> _About this task_
Produce as output only the lines below starting at the line with "全国政协主席王沪宁主持闭幕会并讲话。 新华社记者 黄敬文 摄" and continuing through the line with "ゴツゴツとした大きな石が敷き", each one exactly as written.

> _Dataset extract_
##########
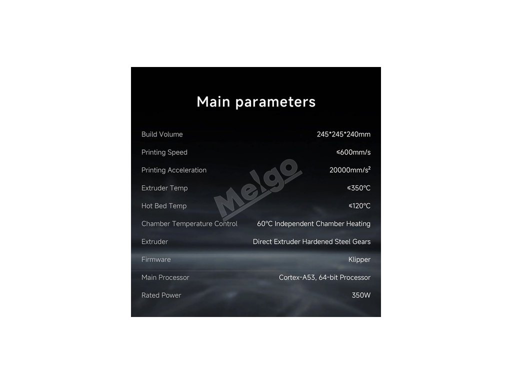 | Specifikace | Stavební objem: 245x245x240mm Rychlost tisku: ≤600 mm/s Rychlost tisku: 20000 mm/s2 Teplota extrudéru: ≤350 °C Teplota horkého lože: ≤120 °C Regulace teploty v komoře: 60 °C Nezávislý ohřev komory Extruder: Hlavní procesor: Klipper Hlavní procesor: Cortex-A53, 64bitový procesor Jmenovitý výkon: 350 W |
##########
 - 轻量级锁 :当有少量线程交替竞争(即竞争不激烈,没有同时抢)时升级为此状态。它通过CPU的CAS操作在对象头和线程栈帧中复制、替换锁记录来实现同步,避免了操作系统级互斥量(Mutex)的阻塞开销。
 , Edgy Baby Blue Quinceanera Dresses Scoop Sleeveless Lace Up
##########
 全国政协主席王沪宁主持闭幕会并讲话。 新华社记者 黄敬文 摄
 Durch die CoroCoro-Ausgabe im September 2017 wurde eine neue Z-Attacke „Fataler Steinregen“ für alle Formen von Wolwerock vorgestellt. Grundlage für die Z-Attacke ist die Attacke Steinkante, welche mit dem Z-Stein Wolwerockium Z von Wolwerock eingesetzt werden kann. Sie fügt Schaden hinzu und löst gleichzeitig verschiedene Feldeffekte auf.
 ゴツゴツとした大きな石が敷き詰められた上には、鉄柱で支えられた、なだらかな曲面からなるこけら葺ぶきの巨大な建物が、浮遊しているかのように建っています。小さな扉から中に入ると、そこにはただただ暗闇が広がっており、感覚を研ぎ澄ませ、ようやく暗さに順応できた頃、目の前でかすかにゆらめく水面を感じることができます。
##########
> _Output for this task_
 全国政协主席王沪宁主持闭幕会并讲话。 新华社记者 黄敬文 摄
 Durch die CoroCoro-Ausgabe im September 2017 wurde eine neue Z-Attacke „Fataler Steinregen“ für alle Formen von Wolwerock vorgestellt. Grundlage für die Z-Attacke ist die Attacke Steinkante, welche mit dem Z-Stein Wolwerockium Z von Wolwerock eingesetzt werden kann. Sie fügt Schaden hinzu und löst gleichzeitig verschiedene Feldeffekte auf.
 ゴツゴツとした大きな石が敷き詰められた上には、鉄柱で支えられた、なだらかな曲面からなるこけら葺ぶきの巨大な建物が、浮遊しているかのように建っています。小さな扉から中に入ると、そこにはただただ暗闇が広がっており、感覚を研ぎ澄ませ、ようやく暗さに順応できた頃、目の前でかすかにゆらめく水面を感じることができます。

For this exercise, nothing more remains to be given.